张鑫将水杯放下,不紧不慢的说:“谁让你这么古板呢,只是运点感冒药罢了,又不犯法,你非得千方百计的拦着。”
路遥脸上闪过一丝了然之色,道:“张鑫你这垃圾,狗改不了吃屎。将感冒药运到国外提炼毒品……咳咳……”
张鑫理了下领带,笑道:“你别血口喷人啊,我可是国际知名企业家。这次回国,‘省招商引资局’还打电话欢迎我呢~”
路遥叹了口气,现在的自己什么都做不了,索性闭上眼睛不再说话,安静等待死亡的到来。
但张鑫却不想让眼前饱受病痛折磨、即将离世的表兄走好。他附身靠近,悄悄说道:琇書蛧
“表哥啊~其实呢,我这次回国主要就是见你一面,告诉你一声——你的癌,是我弄出来的~”
路遥陡然挣开眼,“你说什么!”
张鑫笑眯眯的掏出个铅盒打开,里面是件古怪的三角形饰物,仅有巴掌大小,中间是只眼睛似的图案,一看就很有年代感。

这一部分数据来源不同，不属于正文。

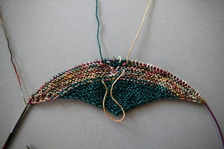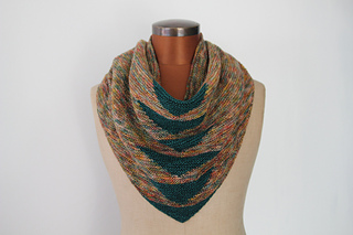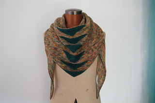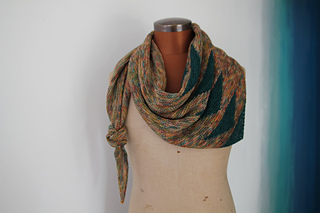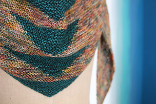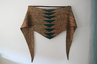 Arria is knitted using garter stitch and intarsia (with only three balls of yarn). It’s a bottom-up shawl and easy to memorise after the first couple of repeats.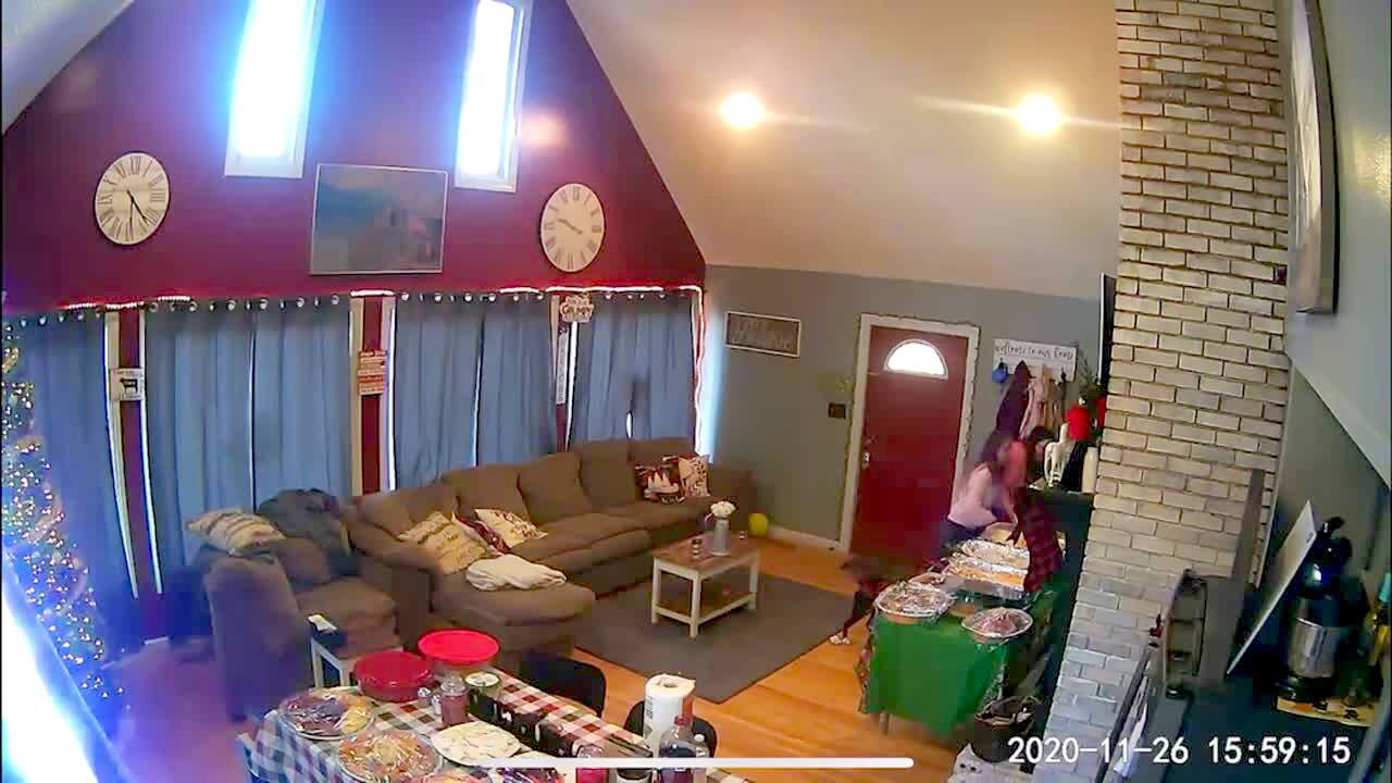To make room in a living room, two women attempt to push a table covered with trays full of Thanksgiving food. The table collapses and the food falls onto the floor . Security camera footage.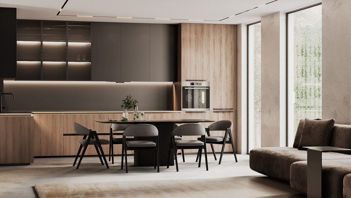 Минимализм в дизайне кухни становится все более популярным, и черные фрезерованные фасады являются одним из ключевых элементов этого стиля. Они создают строгий и элегантный образ, который подчеркивает чистоту линий и отсутствие излишеств.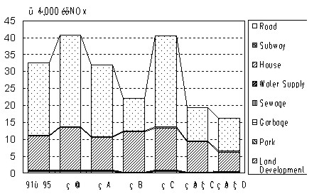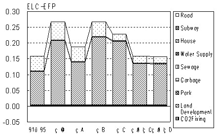 Figure 10 to 12 show the Extended Life Cycle (ELC) CO2, NOx and EFP respectively. In terms of ELC-NOx, which causes the air pollution, the vehicle is the major source. In terms of ELC-EFP, housing sector is the major source. When applying the combination measure, 2 to 5, it can reduce ELC-CO2 by 39.1%, ECL-NOx by 51.9%, and ELC-EFP by 1.1% (BAU 1991-95). Also this measure reduces ELC-CO2by 49.8%, ECL-NOx by 61.4%, and ELC-EFP by 41.5% compared with the BAU in 2036-40.
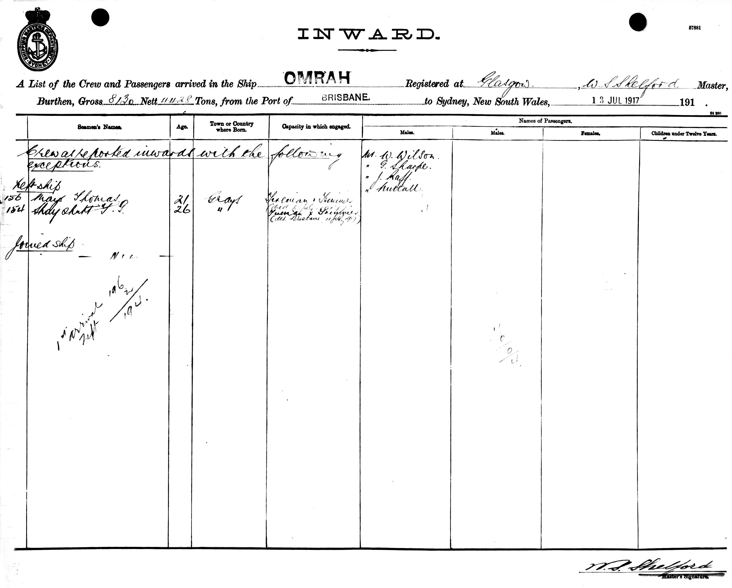 OMRAHOF GLASGOW, W. S. SHELFORD, MASTER, BURTHEN 8130/4428 TONS FROM THE PORT OF BRISBANE TO SYDNEY, NEW SOUTH WALES, 13TH JULY 1917 |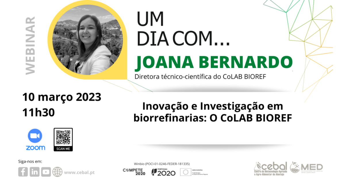 O CEBAL organiza no próximo dia 10 de março às 11:30, mais uma sessão da iniciativa “UM DIA COM…” em formato de webinar através da plataforma zoom, tendo como convidada Joana Bernardo, Diretora técnico-científica do CoLAB BIOREF, que irá apresentar a palestra intitulada: “Inovação e Investigação em biorrefinarias: O CoLAB BIOREF”.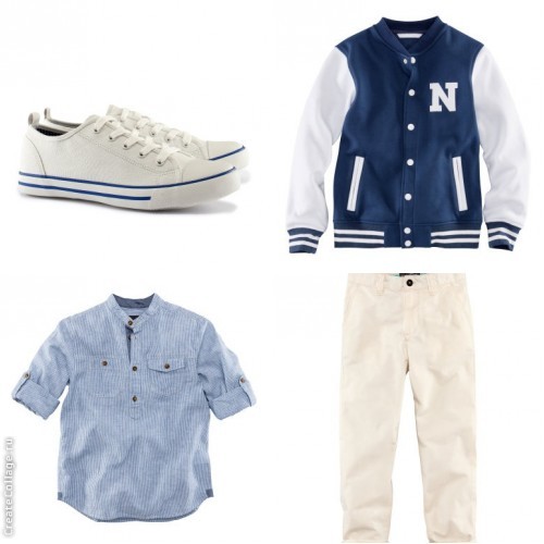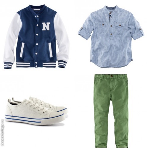 Я считаю, что рубашка и брюки по стилю сочетаются идеально. Под них какие-нибудь легкие мокасины, но никак не кеды. Ну, во всяком случае, чисто спортивные кеды, как эти - никак. Более классические еще можно рассмотреть. А вот под курточку кеды с белым и синим цветом, но никак не молочным. Молочный в сочетании с белым выглядит как грязный белый, не стоит их мешать в одном комплекте.
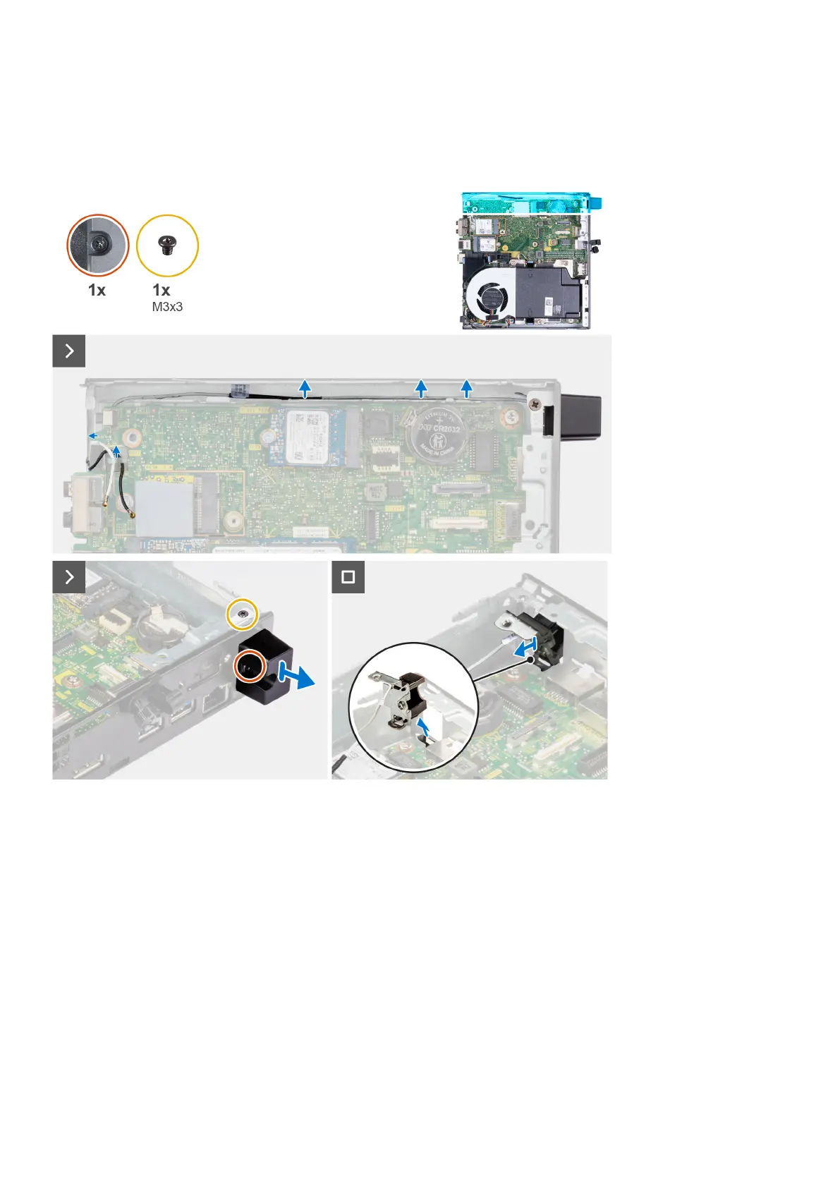 2. Remove the screw (M3x3) that secures the antenna module (white cable) to the chassis.
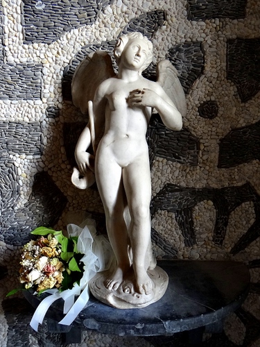 Tag: statua, fiori, angelo, ali, bouquet, marmo, mosaico, bianco.

“眼熟吧?这是我亲手送你的,货真价实的古董。我在里面掺了点放射性物质,长期接触就会变成你现在这副鬼样子。”
路遥马上认出来,这是自己很喜欢的一件古物,天天摆在书桌上,时不时的把玩,没想到却是要人命的东西!
他伸出枯枝似的手臂,死死的抓住眼前人的胳膊!“你……”
“别激动~表哥,我西装很贵的。”张鑫轻松拿掉路遥的手,小心的捏起铅盒,将放射性饰物塞进他怀里。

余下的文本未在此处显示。